日々の暮らしのちょっと難解なお悩みに、弁護士や司法書士など専門士業の先生たちが答えます。
協力/熊本県専門士業団体連絡協議会

外国人従業員の妻を日本に呼び寄せたい

Q.私は貿易業を営んでおり、通訳の外国人A君を採用しています。このA君が、母国にいる奥さまを呼んで日本で一緒に生活したいと言っています。呼ぶ方法はあるのでしょうか? (50代 男性)
A.在留資格によっては呼べる可能性があります

ご相談にあるAさんは、日本で通訳のお仕事をされているとのこと。出入国管理および難民認定法において、Aさんは「技術・人文知識・国際業務」という在留資格に基づき働いているはずです。その場合、「家族滞在」という在留資格で、扶養している奥さまを日本に呼ぶことは可能です。ただし、「家族滞在」は扶養している奥さまやお子さんのみ呼ぶことが可能な在留資格です。両親、兄弟姉妹を「家族滞在」で呼ぶことはできないので注意が必要です。

では、どのように手続を進めていけばいいのでしょうか。まず、出入国在留管理局に「在留資格認定証明書交付申請」を行います。外国人が「短期滞在」以外の在留資格で日本に上陸しようとする場合には,申請に基づき法務大臣が在留資格に関する上陸条件の適合性を審査します。その結果、当該条件に適合する場合にその旨の証明書を交付できることを定めています。

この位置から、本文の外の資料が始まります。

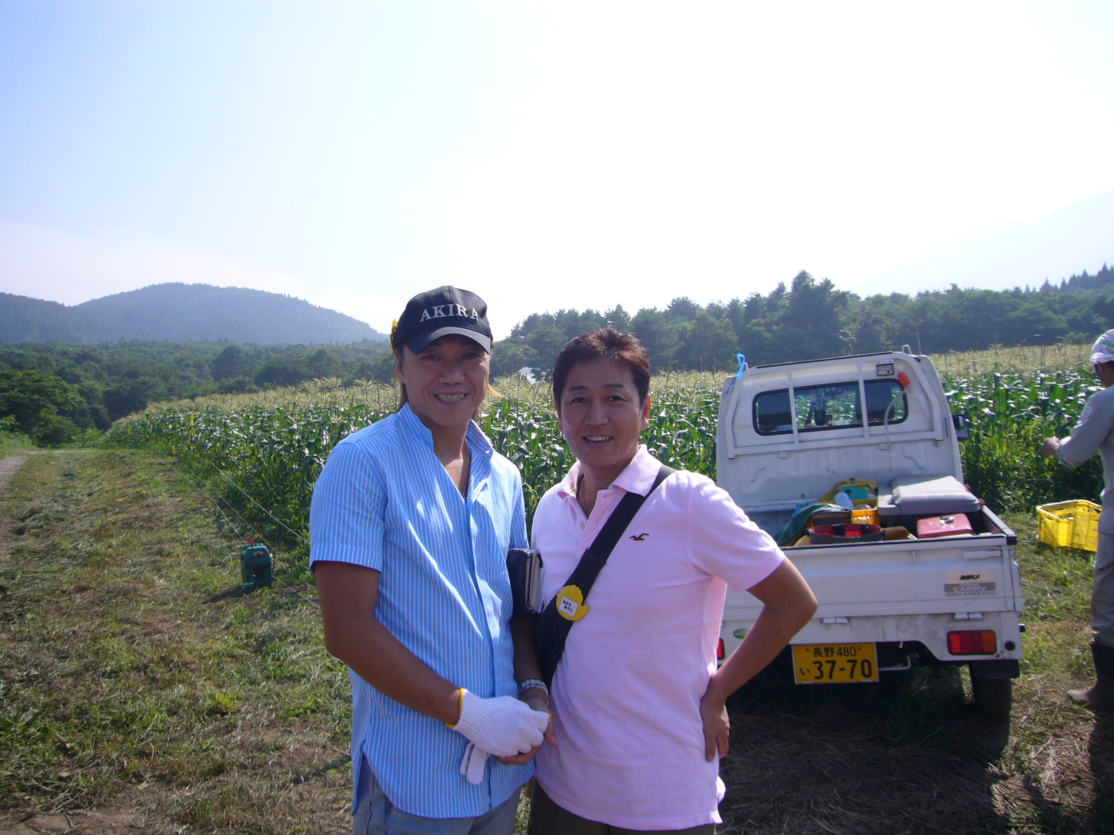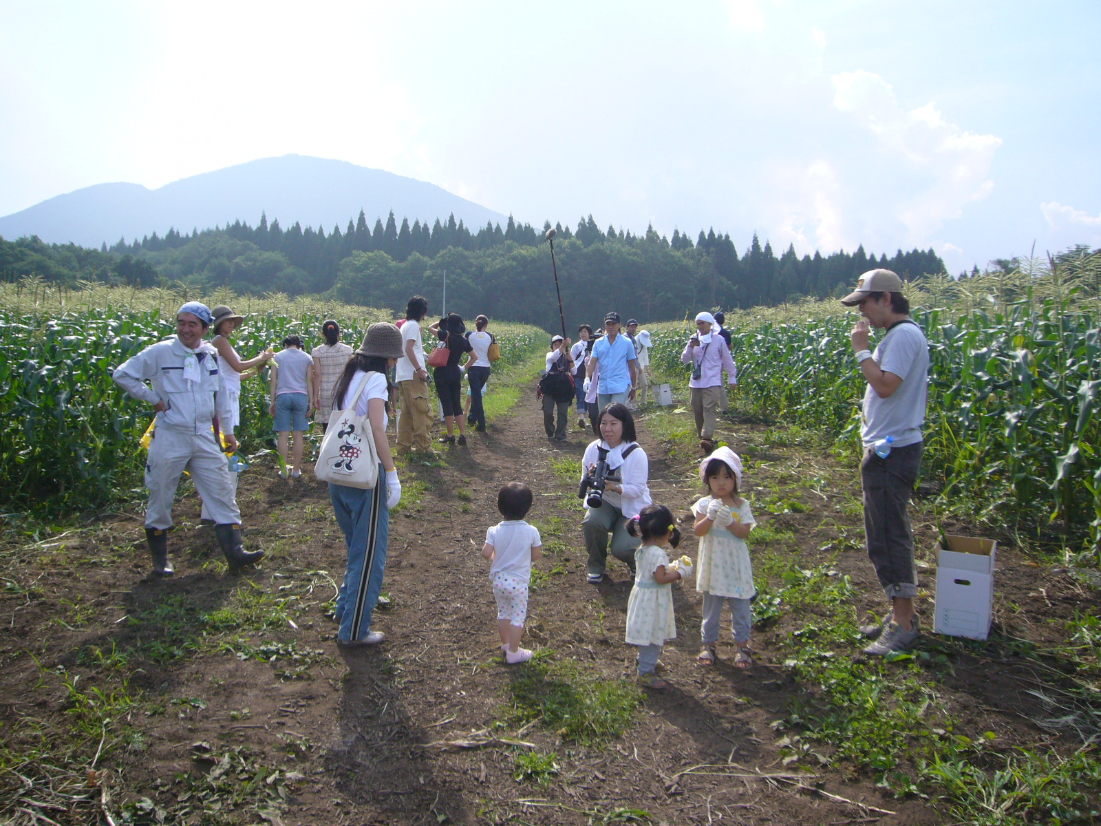 チェックインして午後1時半にロビーに集合。参加者の6割は小学生以下の子供たちです。バスに乗って信濃町のとうもろこし農場へ出発。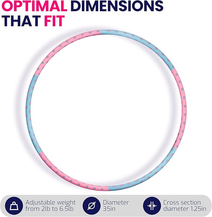 - Quality hula hoop that works for you means no more sepnding extra money replacing plastic adult hula hoops with thin foam rubber full of cracks after 10 minutes of use! No more awful, painful bruises around the waist thanks to poor quality plastic not weighted hoop for adults which weight just under 1 kg! No more struggling while excercising with hula hoop weighted at home. We designed to fit nearly everybody, weighted hola-hoop - that will last for years with your fitness home equipment.

上記の「在留資格認定証明書」が交付されたら、これを母国の奥さまに送り、日本国領事館などに提示し、査証(VISA)の申請・発給後、日本の出入国港での上陸申請・審査・許可を経て日本に上陸することができます。

在留資格認定証明書交付申請には、添付書類も含め準備が必要です。ご不明な点があったら、お近くの行政書士にご相談ください。